**Instructions for the task**
Span requested from the data below: the line with "活动伊始,现场便被芬芳的花香" through the line with "湘鄉(xiāng)人王金生是", both included. Give only these lines again, exactly, and leave every picture out.

**Available records**
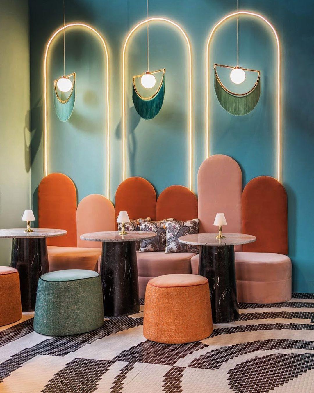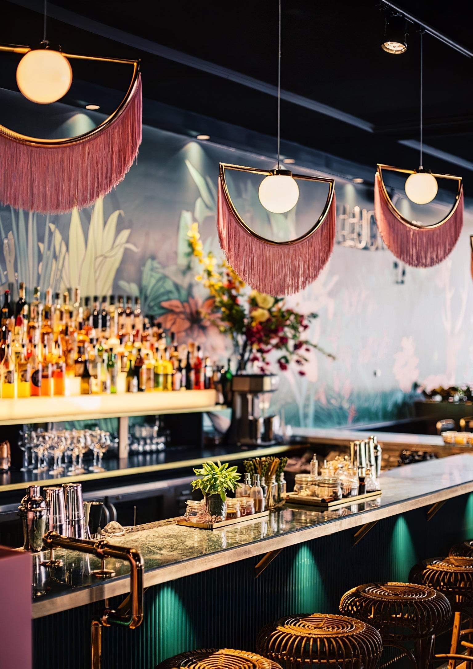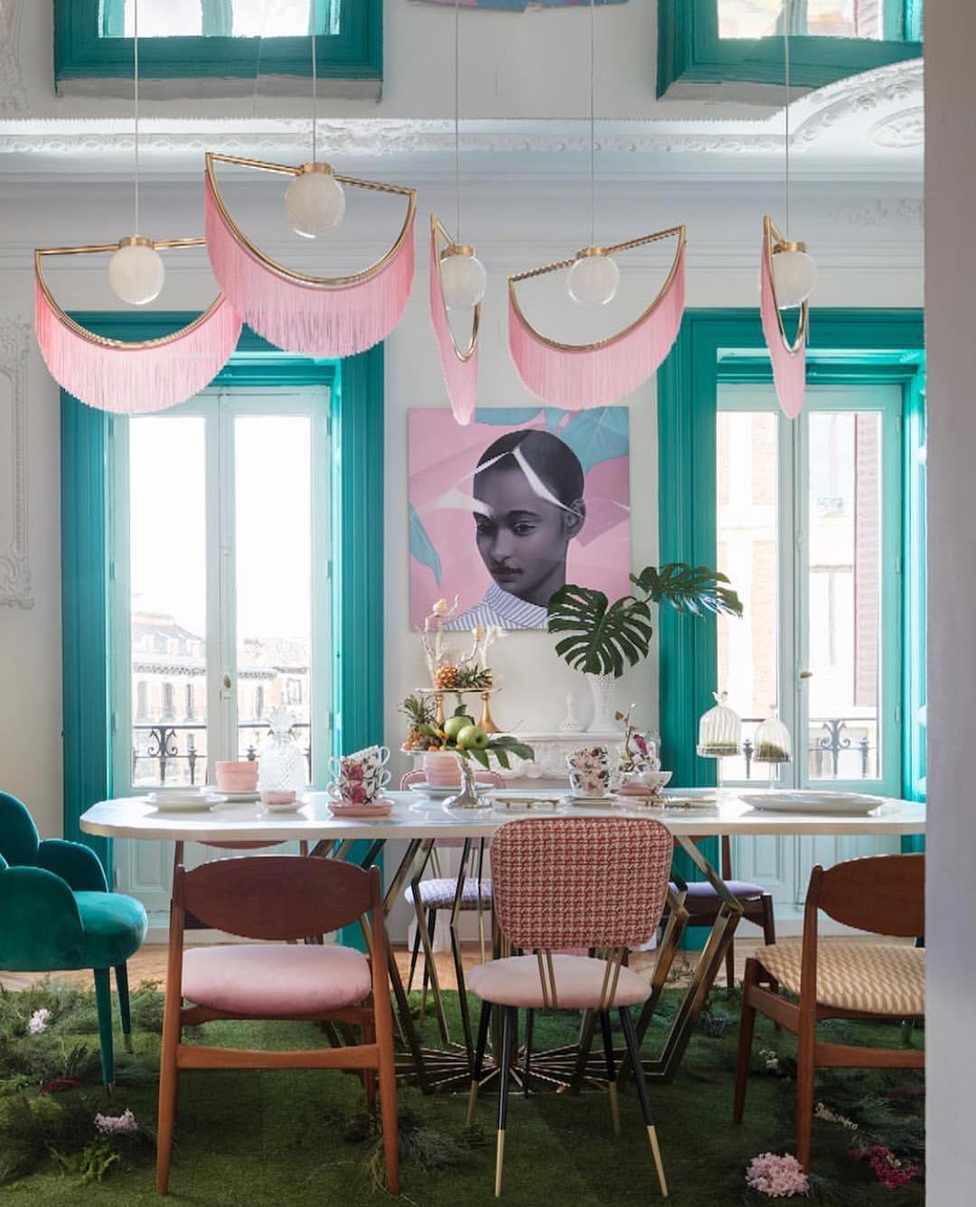 A post-modern inspiration for this glamour and retro pendant. A nod to the past and the present, Wink symbolizes an inverted eye. Decorated with colorful fabric fringes, this sophisticated and bohemian pendant revisits the boudoir theme and 30s style with a great deal of modernity.
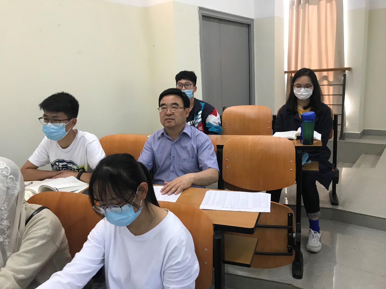 武友德副校长充分肯定了复课各项准备工作,认真了解课程安排、教师到位授课情况、学生出勤情况、学生学习态度和学习状况,对教室、教材、教学设备设施等准备情况进行了细致检查,勉励师生继续做好疫情防控不放松,以饱满的热情投入教学,衔接线上线下教学,补齐知识短板,努力提高教学质量。
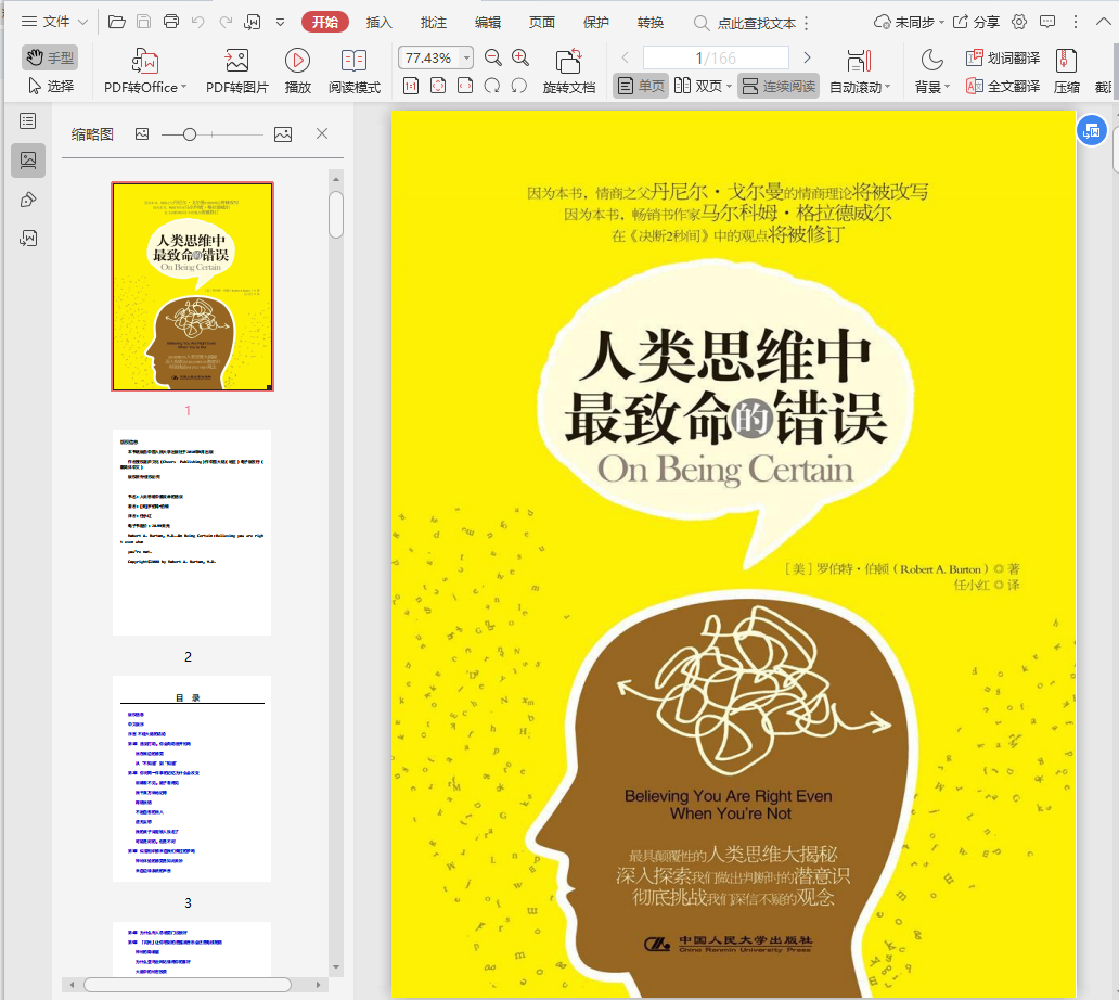 人类思维中最致命的错误是关于人类思维的书籍,主要讲述了在日常生活中人们的大脑所想和我们实际所了解的知识是有差异的,书中列举了很多的生活案例进行分析。
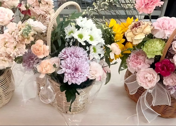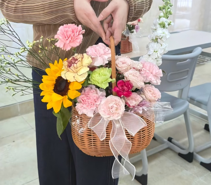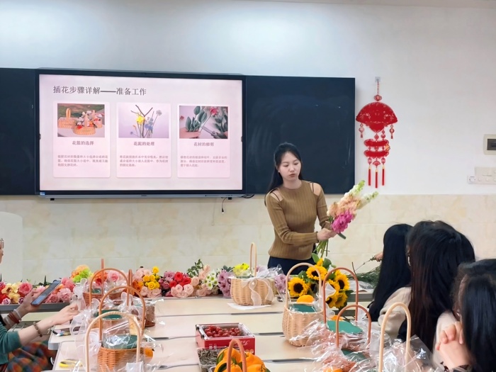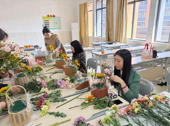活动伊始,现场便被芬芳的花香和轻松的氛围所包围。教研室为大家准备了丰富的花材,有象征热情的玫瑰、寓意高雅的康乃馨、清新淡雅的雏菊以及各类点缀的绿叶植物。教研室主任王雯首先从花卉选择、色彩搭配、花枝修剪、造型设计以及花语寓意等方面进行了详细讲解,并现场演示了插花的步骤和技巧。
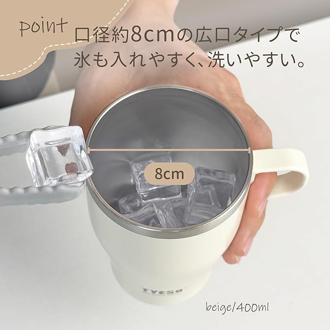 TYESO マグカップ タンブラー 蓋付き ステンレス鋼 真空断熱 大容量 保温保冷 コーヒー カップ 取っ手付き 持ち運び タンブラー プレゼント 500ml TS-8879 灰色
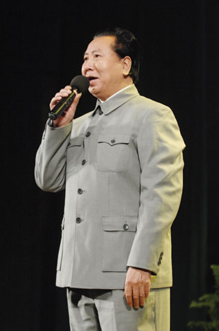 湘鄉(xiāng)人王金生是首個(gè)登臺(tái)進(jìn)行表演的特型演員,他一上臺(tái)就模仿毛澤東在開(kāi)國(guó)大典時(shí)的經(jīng)典講話。“同志們好——”,王金生的“主席”口音一出,立馬將現(xiàn)場(chǎng)氣氛推向高潮,“主席好!”臺(tái)下觀眾熱情的配合,“人民萬(wàn)歲——”,“毛主席萬(wàn)歲!”作為“開(kāi)場(chǎng)戲”,王金生成功地帶動(dòng)了現(xiàn)場(chǎng)觀眾,達(dá)到很好的互動(dòng)效果。
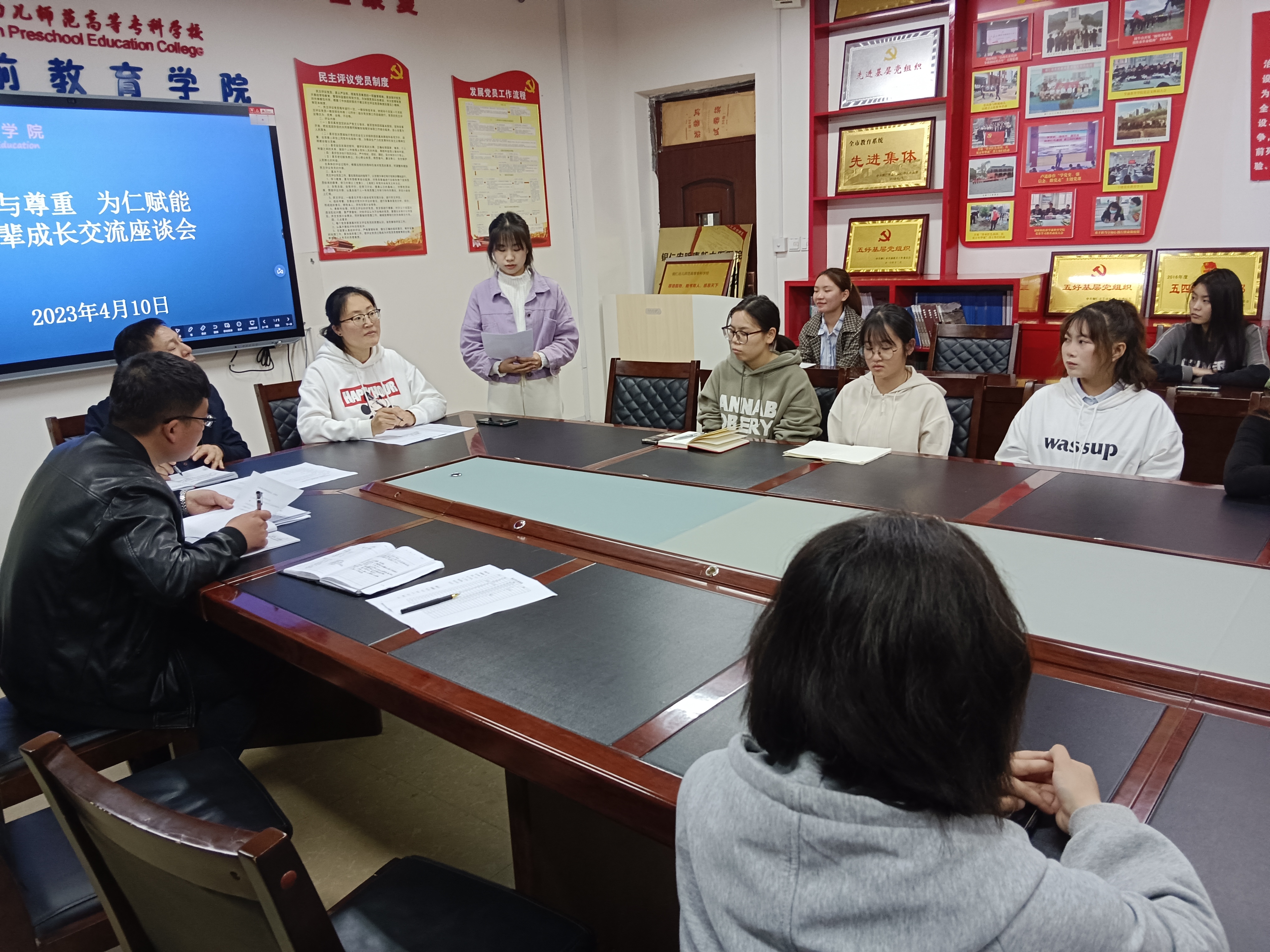 为培养家庭经济困难学生的自立自强、勇于担当的精神品质,坚持“扶贫”与“扶志”相结合、“经济资助”与“资助育人”相结合,助力家庭经济困难学生成长成才。学前教育学院4月10日在会议室举办了特殊困难学生“朋辈成长交流座谈会”。学前教育学院党总支书记卢道静、学前教育学院党总支副书记孙静参加了座谈会,本次活动由学生科副科长李龙龙主持。
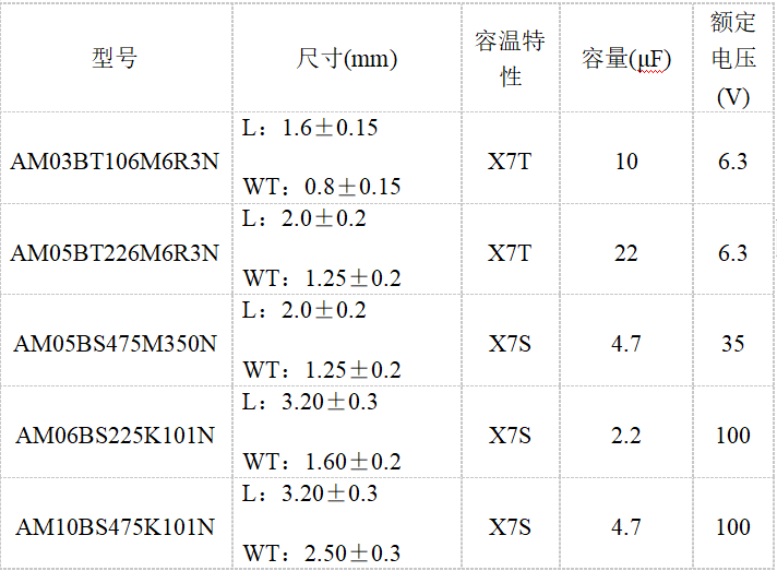 作為應(yīng)用最廣泛的被動(dòng)元件,MLCC被大量應(yīng)用于新能源汽車自動(dòng)駕駛系統(tǒng)、動(dòng)力系統(tǒng)、車身系統(tǒng)、底盤系統(tǒng)、車載娛樂(lè)系統(tǒng)等方面。目前同時(shí)具備高容量、高溫可靠性、高額定電壓的車規(guī)MLCC產(chǎn)品在國(guó)內(nèi)尚屬空白。風(fēng)華高科基于自主開(kāi)發(fā)的高容高壓材料體系,實(shí)現(xiàn)了以AM05BS475M350N(0805 4.7μF 35V X7S)為代表的車規(guī)級(jí)高容高電壓系列產(chǎn)品的驚艷亮相,填補(bǔ)了國(guó)內(nèi)空白!AM05BS475M350N產(chǎn)品封裝尺寸為英制0805,容量為4.7μF,額定電壓為35V,是目前該尺寸和容量產(chǎn)品的行業(yè)次高電壓水平。
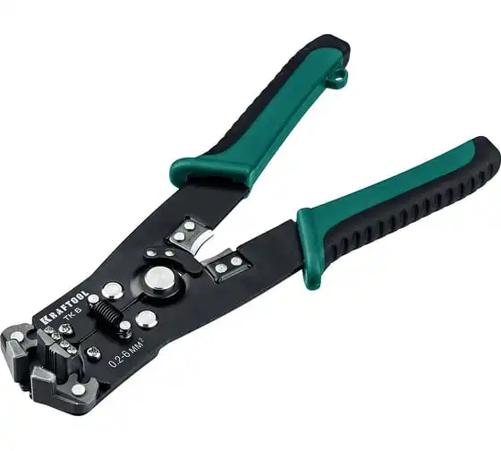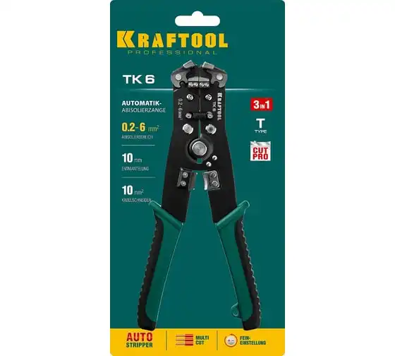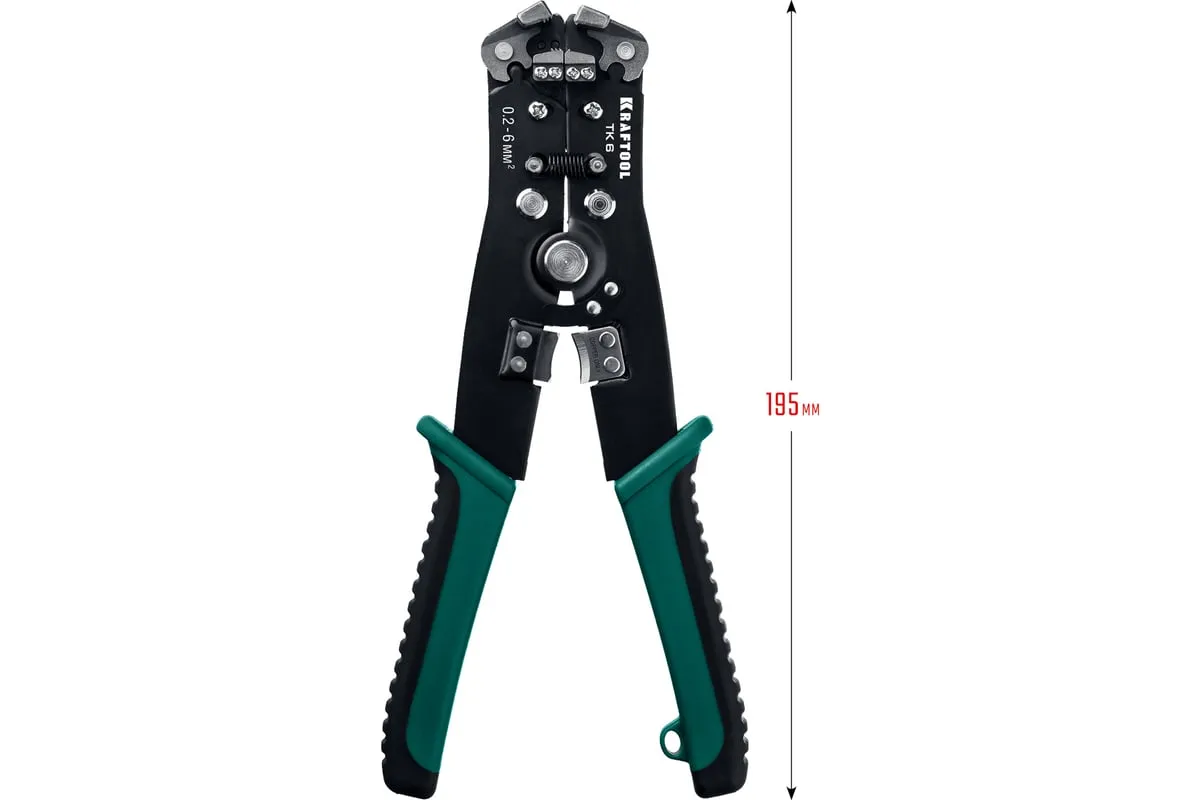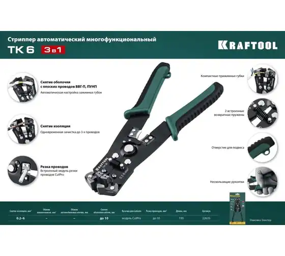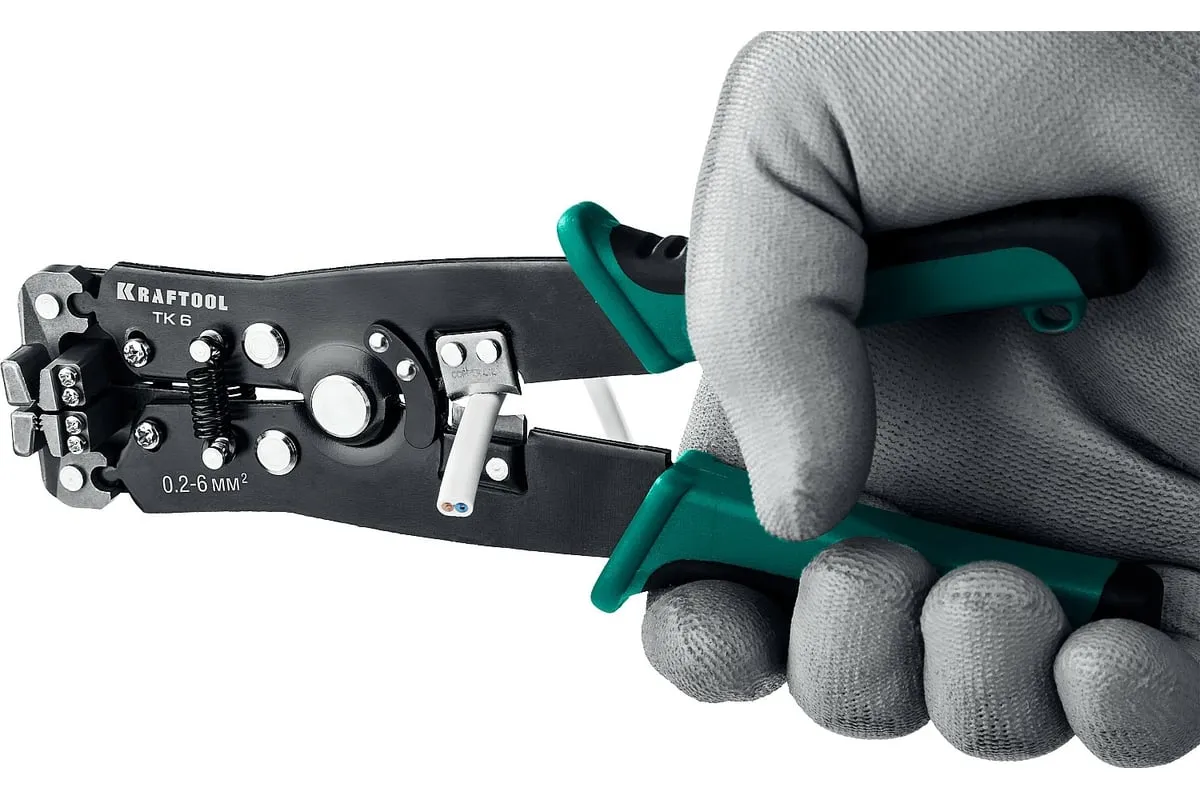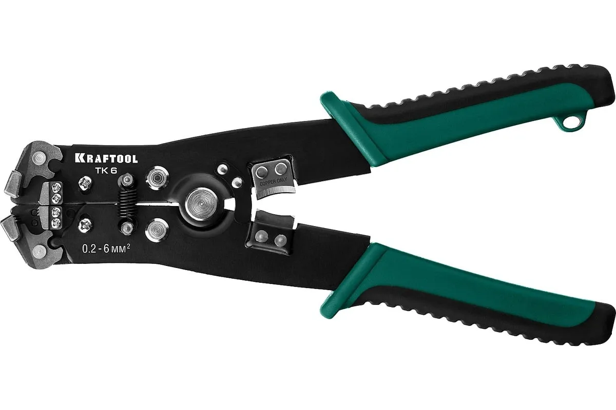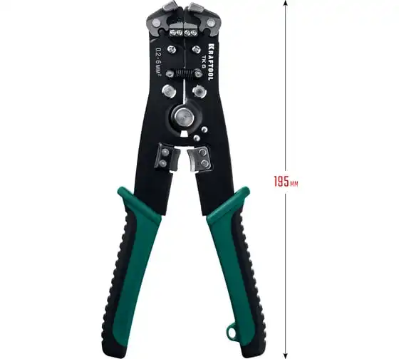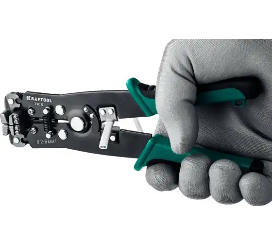 Стриппер автоматический многофункциональный, 0.2 - 6 мм2, KRAFTOOL TK-6 22635 предназначен для снятия изоляции при зачистке проводов и кабелей, опрессовки изолированных и неизолированных наконечников, резки кабелей, отрезания латунных болтов.

**Exercise output**
活动伊始,现场便被芬芳的花香和轻松的氛围所包围。教研室为大家准备了丰富的花材,有象征热情的玫瑰、寓意高雅的康乃馨、清新淡雅的雏菊以及各类点缀的绿叶植物。教研室主任王雯首先从花卉选择、色彩搭配、花枝修剪、造型设计以及花语寓意等方面进行了详细讲解,并现场演示了插花的步骤和技巧。
 TYESO マグカップ タンブラー 蓋付き ステンレス鋼 真空断熱 大容量 保温保冷 コーヒー カップ 取っ手付き 持ち運び タンブラー プレゼント 500ml TS-8879 灰色
 湘鄉(xiāng)人王金生是首個(gè)登臺(tái)進(jìn)行表演的特型演員,他一上臺(tái)就模仿毛澤東在開(kāi)國(guó)大典時(shí)的經(jīng)典講話。“同志們好——”,王金生的“主席”口音一出,立馬將現(xiàn)場(chǎng)氣氛推向高潮,“主席好!”臺(tái)下觀眾熱情的配合,“人民萬(wàn)歲——”,“毛主席萬(wàn)歲!”作為“開(kāi)場(chǎng)戲”,王金生成功地帶動(dòng)了現(xiàn)場(chǎng)觀眾,達(dá)到很好的互動(dòng)效果。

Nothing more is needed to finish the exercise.